Monday, July 4, 2011

BO-O-O-RING POST

Originally, I wanted to make this blog entirely about the process of writing. Which doesn't make for an entertaining read. It isn't like I'm inspiring future authors, so whatever. This doesn't have to be a Blog of Serious Times. We can sit back and post about ant farms instead!
BUT: just for today, I'm going to post a little about my new writing process.

Way back when, I had this idealized image of writing as a flow of creativity. You sit down, the wisdom and beauty spurts out, you fill your jug o' words, and then - WHAM - the faucet slowly dribbles out a few last spurts and, smiling proudly, you bask in your day's work.

No. Not really.

The thing is, it took longer than it should have to figure that out. Every day I planned to write, I'd sit down and procrastinate. Browse the internet, pick the perfect background music... anything but actually write. It wasn't any fun. Once I was maybe half an hour into it, it went fine, but until then, I dreaded actually working. It wasn't what I imagined writing SHOULD be.
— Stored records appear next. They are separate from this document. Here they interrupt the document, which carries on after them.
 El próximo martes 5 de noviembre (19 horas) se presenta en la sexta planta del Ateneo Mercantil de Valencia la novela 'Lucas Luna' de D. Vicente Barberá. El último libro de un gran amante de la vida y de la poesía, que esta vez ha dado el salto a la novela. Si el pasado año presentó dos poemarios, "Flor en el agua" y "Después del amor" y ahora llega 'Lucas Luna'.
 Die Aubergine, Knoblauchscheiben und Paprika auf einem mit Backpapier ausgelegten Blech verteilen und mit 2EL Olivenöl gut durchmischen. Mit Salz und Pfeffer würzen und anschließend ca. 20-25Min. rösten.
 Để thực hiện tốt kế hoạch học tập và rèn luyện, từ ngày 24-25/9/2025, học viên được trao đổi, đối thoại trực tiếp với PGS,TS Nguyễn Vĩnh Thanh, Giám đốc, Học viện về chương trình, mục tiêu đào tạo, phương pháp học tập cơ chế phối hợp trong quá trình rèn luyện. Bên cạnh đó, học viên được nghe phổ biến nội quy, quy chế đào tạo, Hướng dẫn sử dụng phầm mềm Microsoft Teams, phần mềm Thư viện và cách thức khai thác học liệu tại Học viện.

I figured that maybe it was that I wasn't making steady money off my art. Or maybe it was that I wasn't writing what I wanted to write.

Here's the truth, though: I'd set myself up to fail.
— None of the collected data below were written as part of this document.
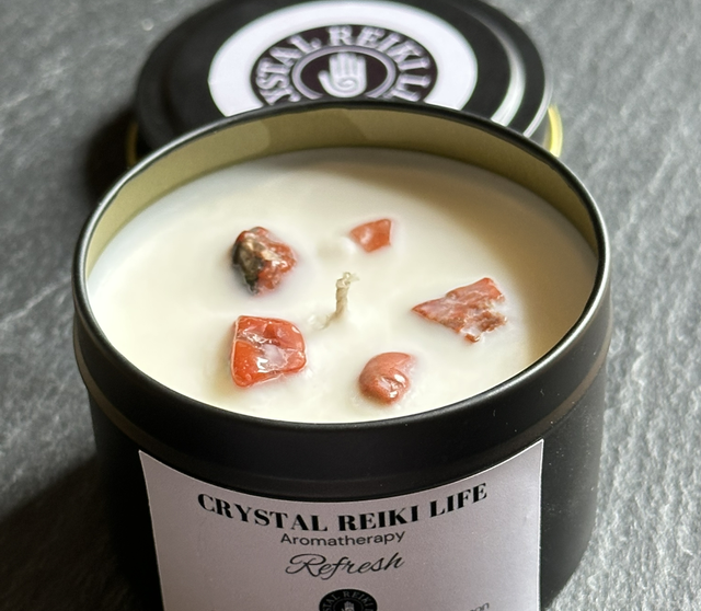 Hand poured, small batch made with soy wax and essential oils infused with Reiki and Crystal energy.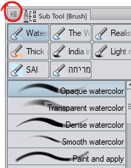 בצד שמאל בחלון המברשות יש 3 קווים ומשולש (תמונה מס' 1 מצורפת)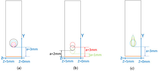 Schematics of the upper cross section of the lug when looking in a YZ plane centered at the lug hole (one can refer to Figure 4b), illustrating the different implementations of the eSHM (capillaries) that have been assessed. In particular, different capillary diameters (a), edge-to-edge distance (b) and aspect ratio’s (c).

I wanted to work on my book four or five days a week. When I edited, my goal was to get through ten pages, and when I wrote, my goal was two thousand words. That makes for some fast progress, true. But no wonder I never felt like writing. I'd done the right thing by setting up a schedule, but I'd turned it into a chore.

For the past month, my schedule's been two days a week, Wednesday and Friday. Five pages edited a day. It's working out really well. Before, I used to take off a day or two a week just because I didn't want to get started. Now, whenever I write, I don't feel burned out by the previous day. I've ended up deleting something like thirty pages of drivel I wrote during my last stint, when my goal was just progress, progress, progress. I've replaced it with twenty solid pages. For the first time in a while, I think the second half of this book is shaping up to be something special.

Granted, I guess that the next book I write isn't going to be finished in three months. But it'll probably be a lot more fun to write.